Tosalli è immerso nel contesto europeo di eccezionali “animalieri”, in una linea continua che va da Antoine-Louis Barye a François Pompon, da Pavel Petrovic Troubetzkoy a Renato Brozzi a Sirio Tofanari ad Alfredo Biagini, ma allo stesso tempo egli, avendo fatto tesoro della familiare consuetudine alla lavorazione dei legni, frequenta il corso di studi accademico presso l'Albertina di Torino, per poi recarsi a Parigi, dove si trattiene tra il 1903 e il 1907. È l'ambiente in cui Tosalli inizia a mettere a punto il proprio mondo figurativo, imbevuto di curiosità naturalistiche così come di atmosfere esotiche, di suggerimenti significativi dalla secessione di Monaco, così come dalla cultura artistica torinese prima e appena dopo il primo conflitto mondiale. Dai precoci accenti déco riconoscibili nelle sue opere degli anni Dieci e dei primi anni Venti, è evidente che il climax Art Nouveau è stato definitivamente sostituito da un nuovo sistema di forme e di modelli, come nei Figurini di moda per cartoline illustrate, datati 1913, negli studi per il Busto di Gabriella Compans di Brichanteau e per il Ritratto di Pepe Ceriana e nel dipinto San Giorgio e il drago, chiaramente ispirato alle illustrazioni di gusto secessionista, nel quale un giovanissimo cavaliere trascina, legato alla propria sella, il corpo di un lucertolone che già prelude ai sapienti studi da “animaliere”.

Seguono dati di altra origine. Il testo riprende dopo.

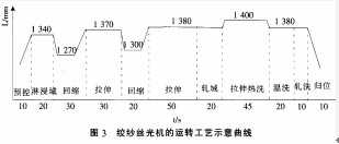 圖3是絲光機(jī)的運(yùn)轉(zhuǎn)工藝曲 線。 一個絲光程序總用時約為6 min(包括上下紗)。技術(shù)參數(shù)如下: 液堿濃度:260 g/I : 液堿溫度:(23±2)cc.需配備 足夠制冷量的液相交換冷凍機(jī)以 保證整個生產(chǎn)過程堿液溫度穩(wěn)定: 液堿滲透性:≤5 s(工業(yè)帆布 在堿液中的沉降時間).這項(xiàng)指標(biāo)對確保絲光紗的絲光鋇值均勻一致非常重要:
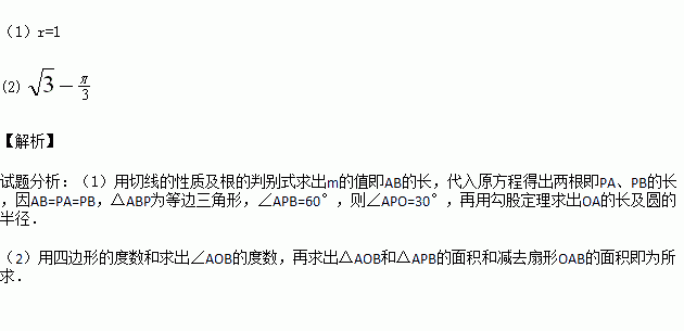 如图,已知PA、PB切⊙O于A、B两点,连AB,且PA,PB的长是方程
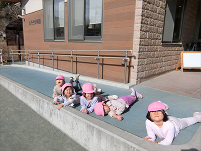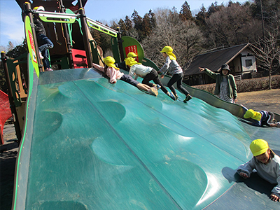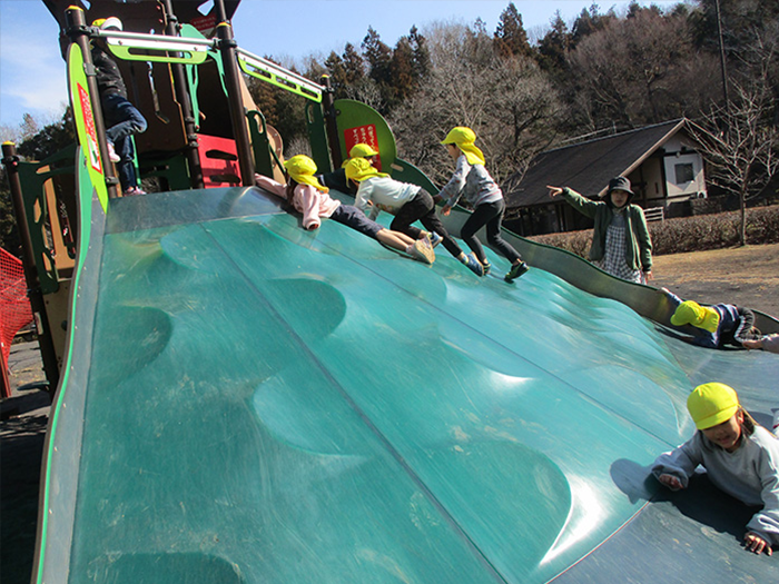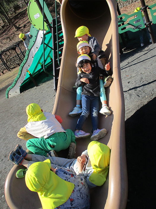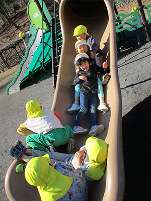 花木園の遊具で・・すべり台の山登り スルスルと滑りながら楽しんでいました
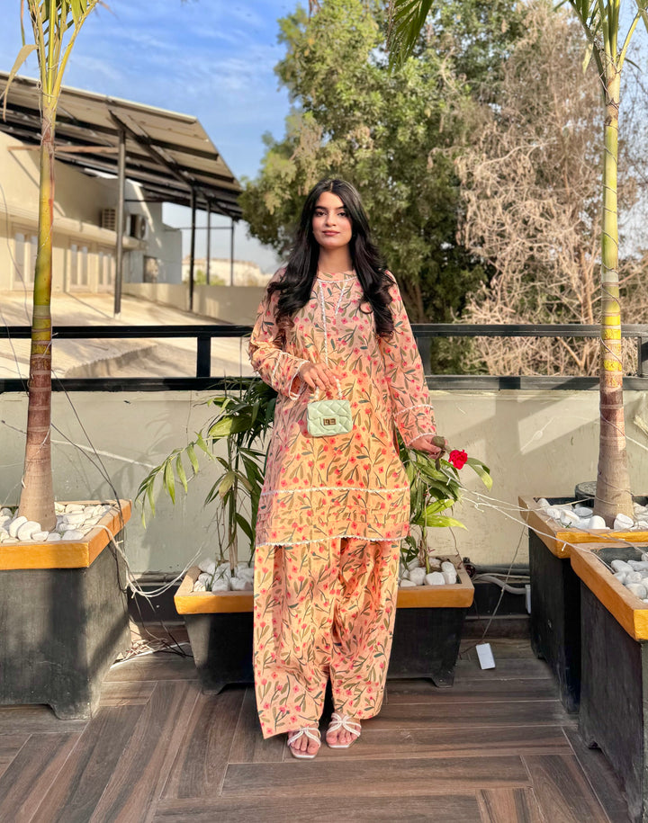 Perfect spring color of peach and pink in brochia lawns stitched with intricate detailing of laces and pleates. Its a two piece set. Straight kameez is paired with a farshi shalwarShirt Length: 34"-36"Shalwar Length: 40"-42"Fabric: Lawn
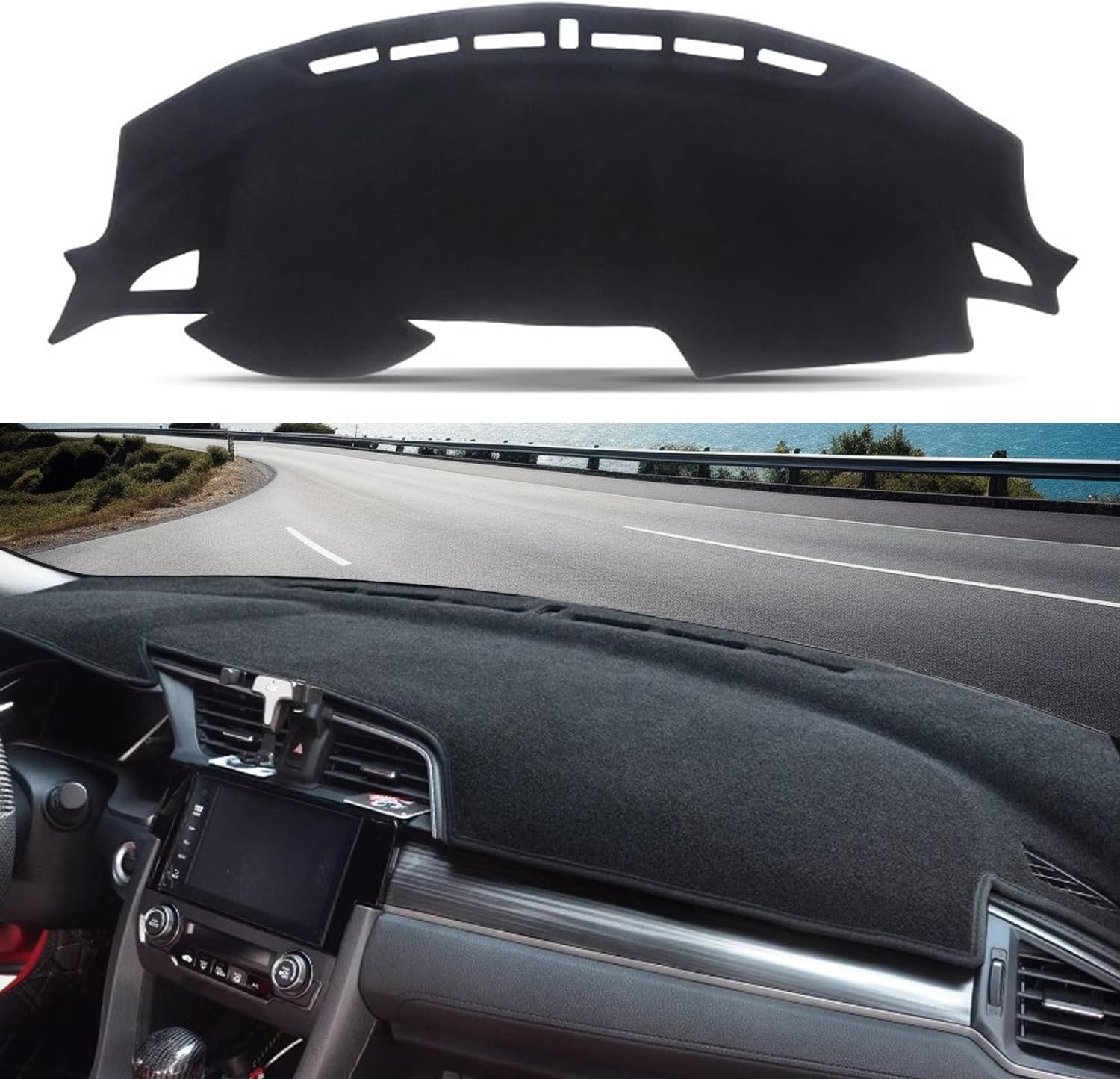 Description: Made of material with no bad smells, anti slip, durable and colorfast. Prevent your dashboard from discoloration. In summer, prevent the dashboard from cracking. Keep warm and protect the dashboard from the cold in winter. Keep your dashboard in good condition. Good replacement for your old or broken one. Easy to install and use. Design with non slip silicone on the back surface, you can just put it on your dashboard directly, and it will not fall down. This is a non-OEM product, accessory only. Specification: Color: Black Material: Polyester, Silicone Package Includes: 1 x Car Dashboard Cover
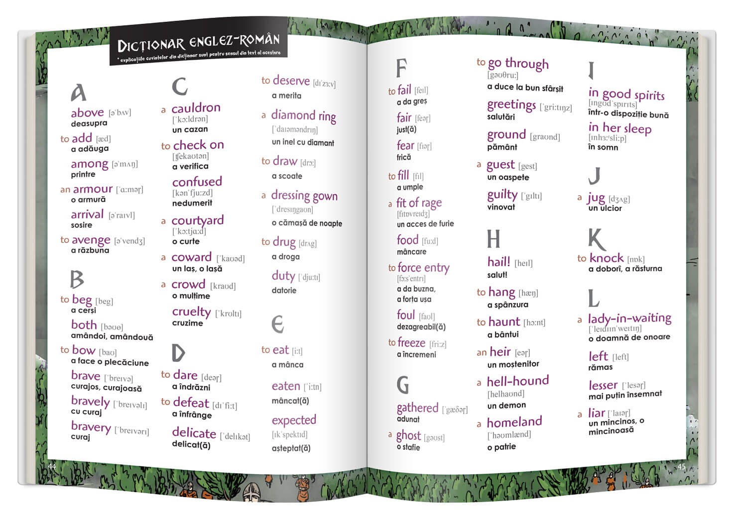 • dicționar englez-român la sfârșitul fiecărui volum, ca să înțelegi mai bine textul.
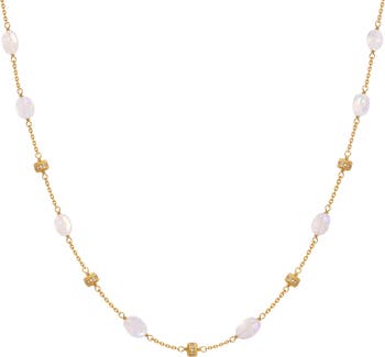 Illuminate your style with the Moonlit Radiance Moonstone Necklace. Smooth, flat Rainbow Moonstone beads shimmer with a soft, ethereal glow, complemented by delicate white accent stones that catch the light with subtle brilliance. Crafted from lustrous 18K Gold-Plated Silver & Brass, this necklace blends timeless sophistication with gentle radiance. Handcrafted in Thailand, it is a versatile accessory that adds grace and luminous beauty to any ensemble.
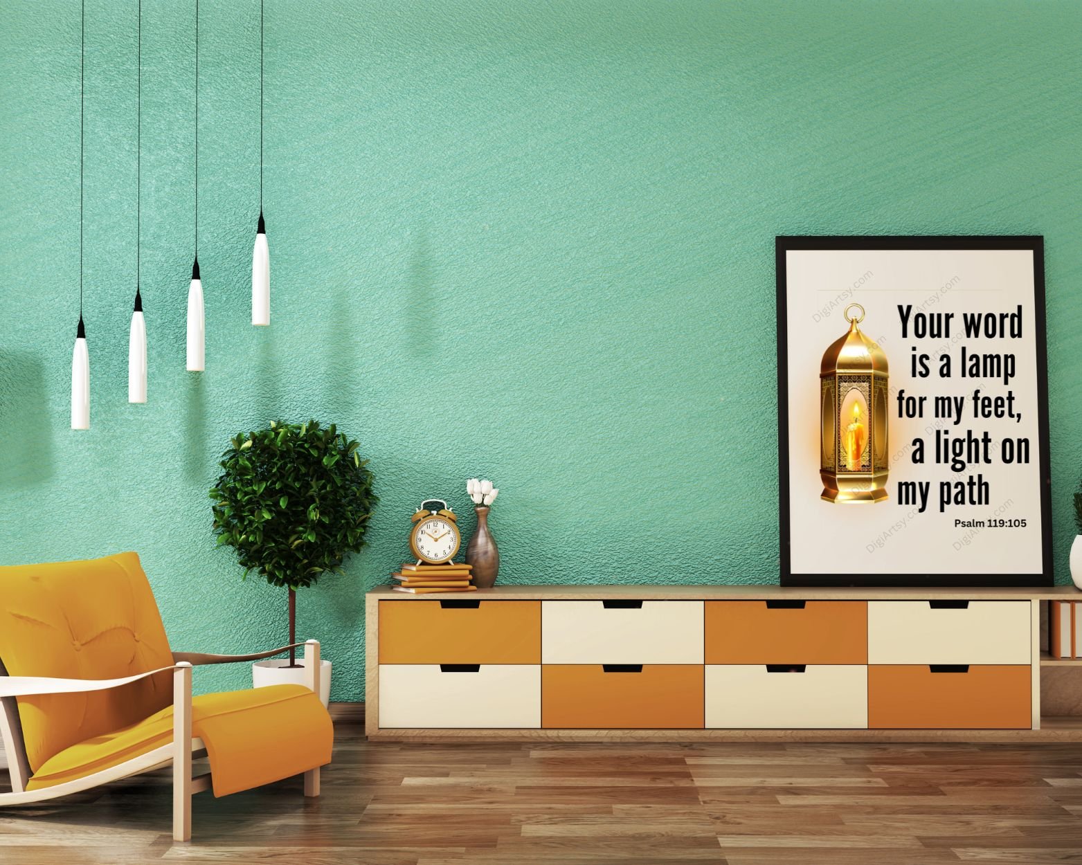 This is a beautiful Bible verse wall art print, Your Word is a lamp for my feet, a light on my path. Psalm 119:105 which goes very well in the room and adds a color to your walls. It reflects vintage, retro and minimalist style and serves as a perfect decorative piece for entryway, living room, bedroom, kitchen, bathroom, dorm etc.
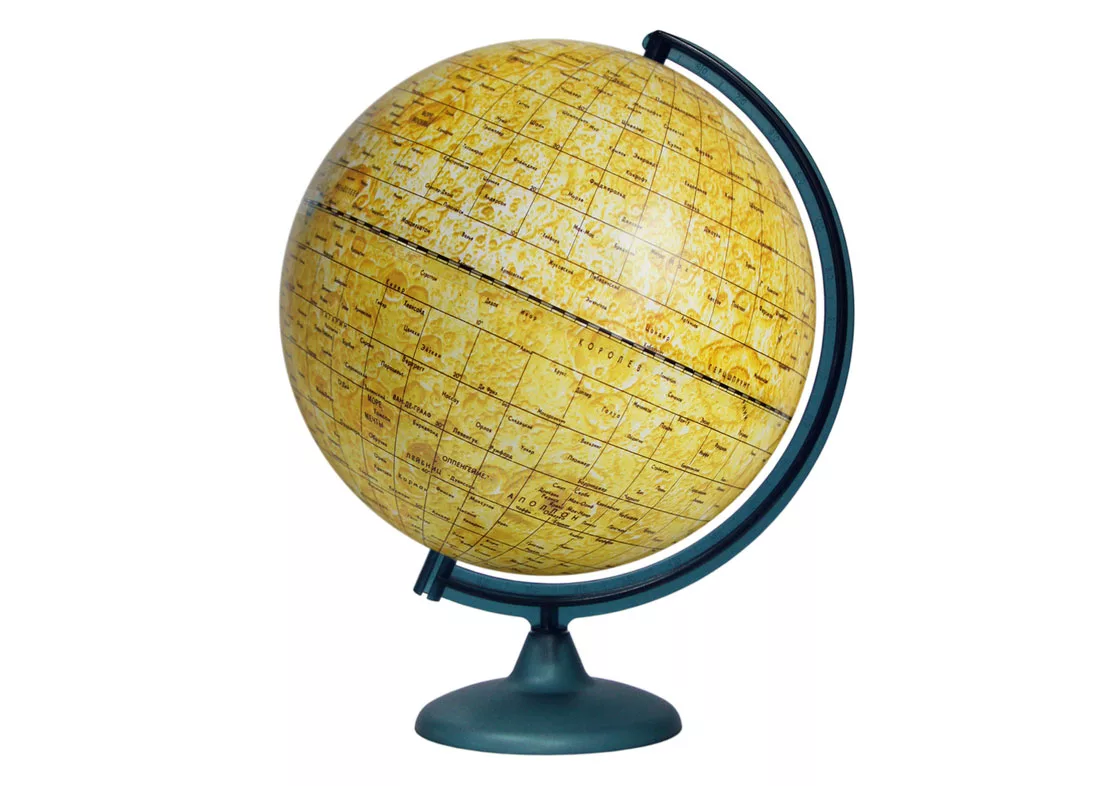 Представляет собой модель Луны с картой поверхности. На глобусе отображены элементы лунного рельефа и их названия на русском языке.
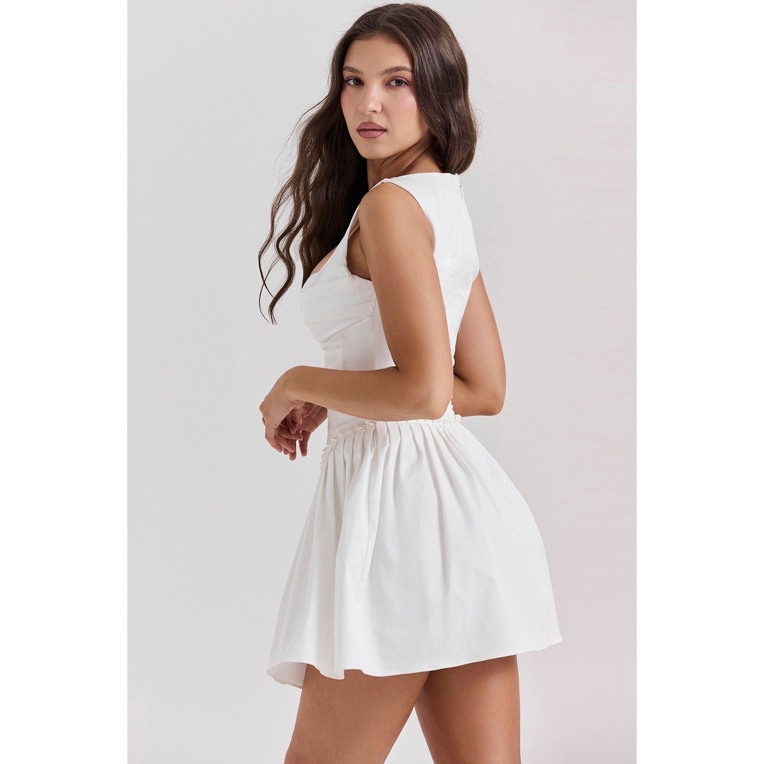 Cupid zips to the back for easy on and looks the prettiest paired with our 'Lola' high heels in white. The 'Regular Cup' option suits cup size A-C whilst the 'Bigger Cup' option suits cup size D-E. Taller girls, we heard you and this is available in two lengths, our regular mini length and 2 inches / 5cm longer. Regular length: Approx 83cm and Longer: Approx 88cm.
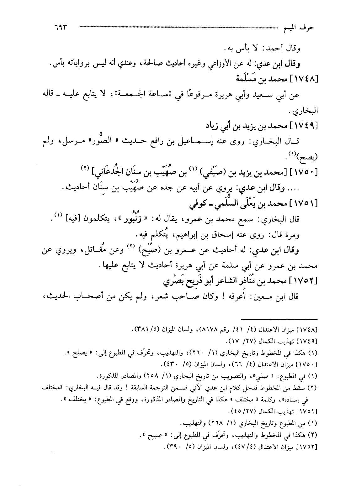 [1750] [مُحَمَّد بن يزِيد بن (صَيْفِي) بن صُهَيْب بن سِنَان الجدعاني]
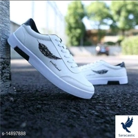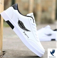 Trendy Men's White Casual Shoes Material: Syntethic Leather Sole Material: Rubber Fastening & Back Detail: Lace-Up Sizes: IND-7, IND-6, IND-10, IND-9, IND-8 Country of Origin: India
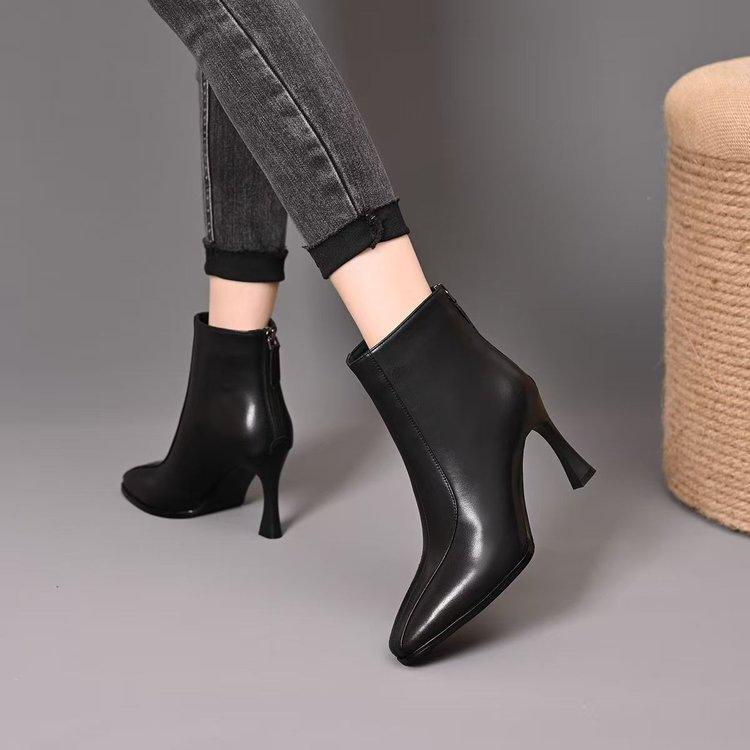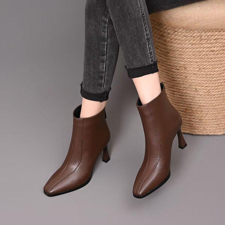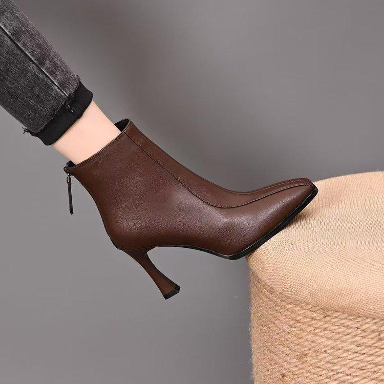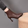 Tacones Altos de Punta para Mujer Moda Tacón de Aguja Zapatos de Mamá 2025 Nuevo Temperamento Otoño Invierno Más Terciopelo Botines Marrones
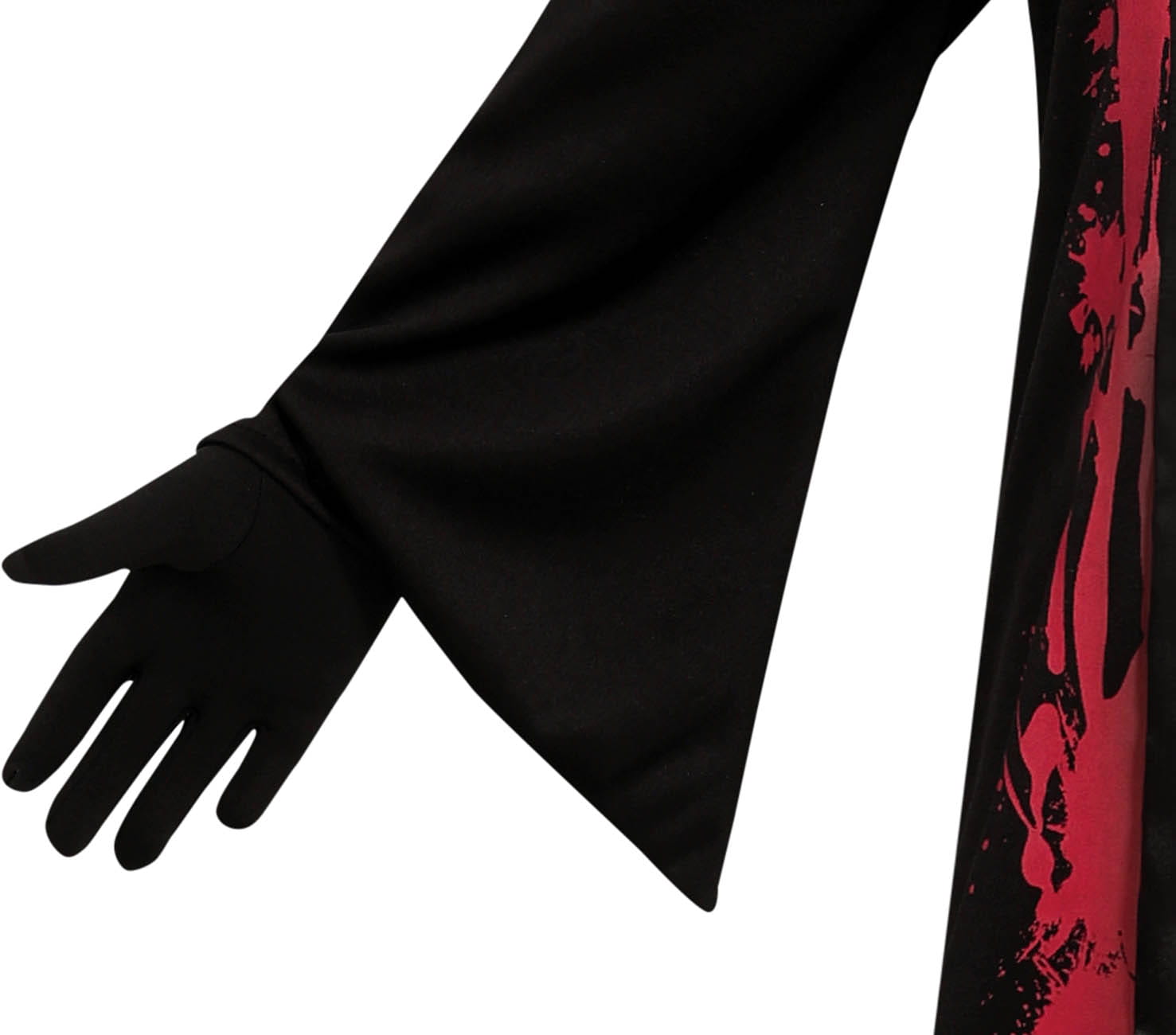 - Pelerynę z okultystycznymi, czerwonymi nadrukami, które dodają kostiumowi głębi i tajemniczości.
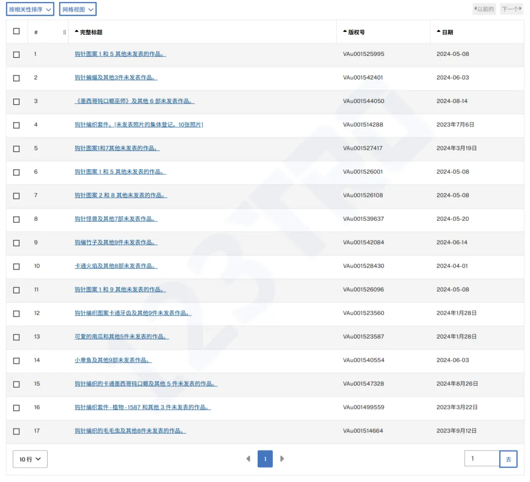 原告名下一共有17条钩针玩偶,大家可以参考版权标题的玩偶样式,并进行排查
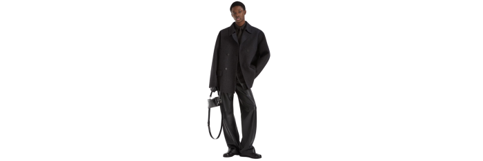 Manteau à double boutonnage modèle caban, avec col chemise et manches longues à épaules tombantes. Poches passepoilées diagonales pour se réchauffer les mains et poches basses à rabat sur le devant. Vêtement non doublé. En feutre de laine double mélangée de couleur noire.
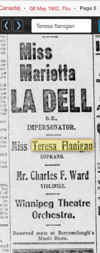 The Daily News writer suggests that the performers made a big mistake in not advertising their event in the paper, resulting in the event being cancelled due to lack of attendance. In another search, I found an ad promoting the pair in a concert with others in the Winnipeg Tribune of May 8, 1902, posted here.
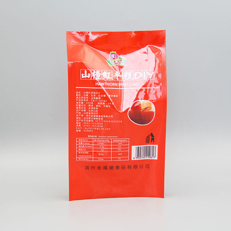 產品名稱:320g山楂紅棗糕+亮面塑料復合+四邊封包裝袋
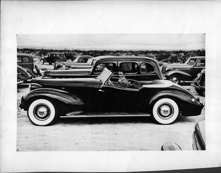 1938 Packard convertible victoria, left side view, top folded, Alvin Macauley, Jr. behind wheel
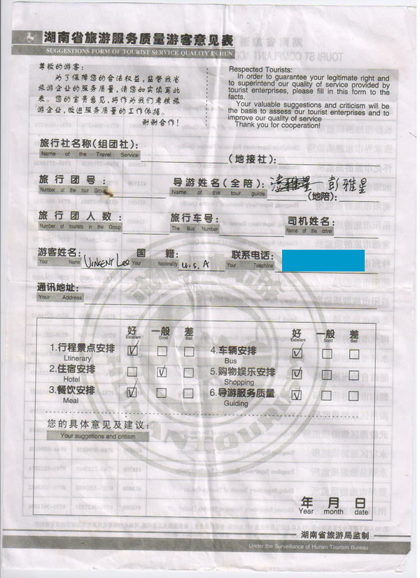 美國Ulee先生一行5人旅游質(zhì)量回饋

Il gusto ellenizzante di matrice monacense, ed è inevitabile citare Franz von Stuck e il circolo di allievi che ruotava intorno al suo atelier, affascina Tosalli che tra il 1921 e il 1922 realizza una serie di sculture tra le quali vanno ricordate Madonna con il Bambino e Il Nunzio di Maratona o Fidippide (in mostra sono visibili due affascinanti bozzetti grafici delle opere), quest'ultimo esposto con successo alla Primaverile fiorentina del 1922. Ritornato a Revigliasco, vicino a Torino, nel 1923 l'artista stipula un contratto con un avvocato/collezionista che fino al 1926 acquisterà tutte le sue opere, tra le quali la notissima Moglie di Putifarre. Ma tra danzatrici e carri egizi, centauri, Lady Godiva e Salomè, in cui l'esotismo ottocentesco è riletto alla luce di limpide composizioni intrise di linee e fattezze moderne, ed episodi tratti dal Libro della Giungla, in particolare la bellissima Lezione di Baloo, il mondo degli animali irrompe nella produzione di Tosalli e ne assume il ruolo da protagonista. D'altra parte nel 1928, quando l'artista si trasferisce sulla collina di Cavoretto, presso Torino, viene coinvolto da Enrico ed Elena Scavini nella produzione di ceramiche che la Lenci ha deciso di avviare a fianco della più nota produzione di bambole e arredi per l'infanzia: una collaborazione che continuerà ben addentro gli anni Trenta, per poi proseguire con la ditta tedesca Rosenthal & C. Alla prima esposizione di ceramiche Lenci, alla Galleria Pesaro di Milano (1929), Tosalli espone Gufo ed ermellino e Caracal ed il successo è tale che Enrico Scavini gli scrive: “....da Londra domandano soprattutto animali in movimento...”. E Tosalli si specializza nella resa dei movimenti, che studia con sapienza anatomica nel restituire gli apparati ossei delle articolazioni, come nel disegno raffigurante una lontra che sporgendosi da una roccia tiene tra le fauci un pesce, e dei caratteri dei singoli animali: dall'amarillide seduto al gipeto, dal levriere in corsa, con la lingua a penzoloni, all'orso labiato in procinto di arrampicarsi su un masso, agli scoiattoli abbarbicati ad un tronco o sul bordo di una tazza intenti a soppesare una ghianda.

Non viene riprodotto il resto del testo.